See 76 FR 53720 at page 53735. The requirements of the DOL rule
concerning employment screening processes such as drug tests,
background checks, and security clearance checks (29 CFR 9.12(b)) are
addressed at FAR 22.1203-4, Method of job offer.
11. Waiver
Comments: A respondent suggested that the Government should provide
supplemental information and/or subset lists to assist contracting
officials with the written analysis as described in 29 CFR 9.4(d)(4)(i)
in support of a waiver. The respondent expressed concern with the
requirement that contracting officers must cross reference the
requirements in 29 CFR 9.4 to effectuate the waiver.
Response: The FAR implementation conforms to the requirements in
the DOL regulations and the E.O. Cross-referencing 29 CFR 9.4(d)
ensures that contracting officials are familiar with all appropriate
considerations for waiver. As noted in 29 CFR 9.4(d)(4)(i), a waiver is
only appropriate where ``any of the requirements of E.O. 13495 would
not serve the purposes of this Order, or would impair the ability of
the Federal Government to procure services on an economical and
efficient basis.'' As waivers are meant to be limited exceptions,
supplemental information is not necessary.
Comments: One respondent noted that the waiver provisions at FAR
22.1203-3 do not provide the option for the agency to waive only some
provisions of the requirement. The respondent stated that an agency
should be authorized to waive the entire nondisplacement obligation, or
one or more individual provisions of the obligation, despite the fact,
reported by the respondent in a footnote, that ``E.O. 13495 * * * does
not address waivers in its text.'' Doing so, according to the
respondent, would afford flexibility to agencies to determine how best
to transition services efficiently under particular contracts and
classes of contracts.
Response: In fact, section 4 of E.O. 13495 addresses waivers,
allowing for an agency waiver ``from the requirements of any or all of
the provisions of the order * * *'' The DOL final rule, at 29 CFR
9.4(d)(1), allows that an ``agency may exempt the agency from one or
more individual provisions'' as an alternative to exempting the agency
from all provisions of 29 CFR part 9. The FAR proposed rule also
allowed for the waiver of some of the provisions of subpart 22.12 at
FAR 22.1203-3(a).
Comments: One respondent stated that, in keeping with FAR practice,
contracting agency heads should be permitted to delegate waiver
decision-making to the same extent they delegate other decisions.
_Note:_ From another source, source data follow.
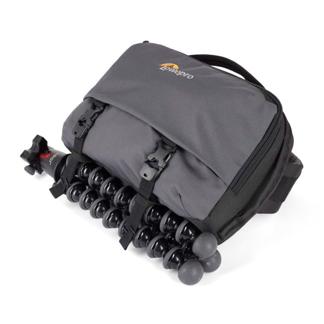 Postoji mali prednji džep s patentnim zatvaračem za vaše ključeve, telefon ili druge sitnice; a glavni patentni zatvarač omogućuje vam pristup pretincu za fotoaparat. Par traka omogućuje pričvršćivanje stolnog stativa ili jakne na donju prednju ploču. S unutarnje strane torbe pronaći ćete dodatni držač za bocu s vodom koji se može koristiti s remenima.
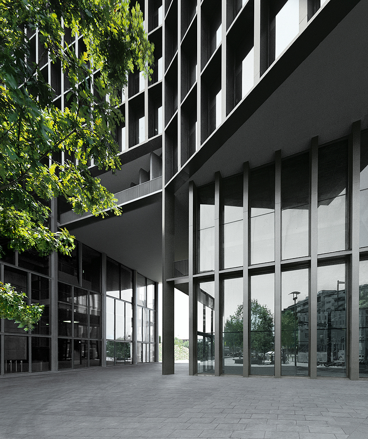The framework, painted a steely bronze color, just like the fine metal frames of the windows that close off the recesses of the structure, nuances the different spans, giving the tower a sensitive, powerful look. With its huge segmented glass panes, the front wall of the plinth forms an urban façade and, thanks to its transparency, allows the life of the building and the movements of the public to be seen.
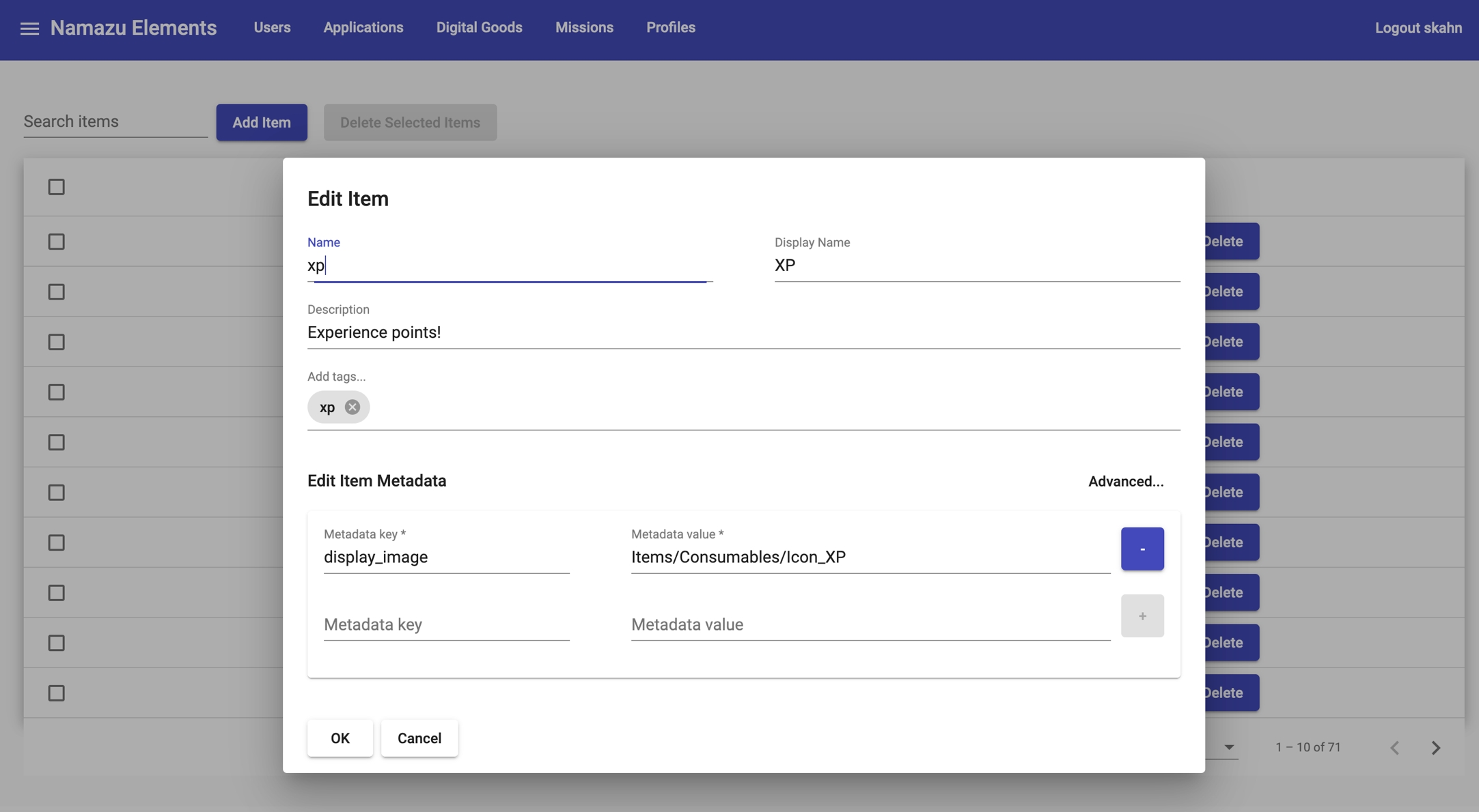 Elements supports traditional Web 2.0 digital goods. Digital goods are items that can be owned by a user in their inventory. User inventories are independent of applications. Examples of digital goods may be consumable items such as potions or gold coins in a video game. Alternatively, they may be part of equipment sets such as swords, helmets, or weapon skins.
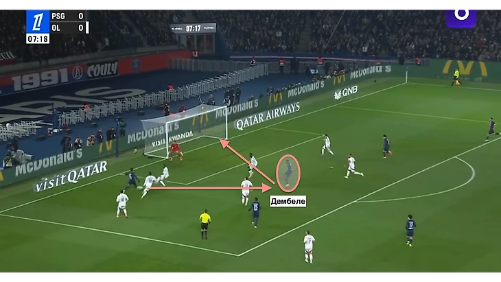 В матче с «Лионом» Дембеле играл на позиции форварда. На индивидуальный проход от Десира Дуэ Усман ответил выбором позиции в глубине штрафной, что позволило ему получить мяч от партнера и отправить его в ворота.

Another respondent also noted that approval levels for waivers should
not rest at a level within the agency that would make obtaining a
waiver unfeasible.
Response: The final rule limits the waiver authority to the senior
procurement executive, without power of redelegation. FAR 1.108(b)
states that each authority is delegable unless specifically stated
otherwise. It is common practice in the FAR to limit redelegation when
appropriate. The determination to waive some or all of the provisions
of FAR subpart 22.12 is most appropriately made by senior officials
within agencies.
12. Miscellaneous and Editorial Comments
Comments: A respondent stated that the FAR rule should mirror the
DOL rule by incorporating limits on the Government's use of suspension
and debarment action for violation under the non-displacement rule.
Response: The final FAR rule references the DOL rule at FAR 22.1200
and adds appropriate cross-references to the DOL rule throughout the
FAR
[[Page 75774]]
coverage. The Governmentwide debarment and suspension authority is
addressed at FAR subpart 9.4. That authority is in addition to the
specific authority provided to DOL to debar or suspend an entity due to
noncompliance with the implementation of E.O. 13495.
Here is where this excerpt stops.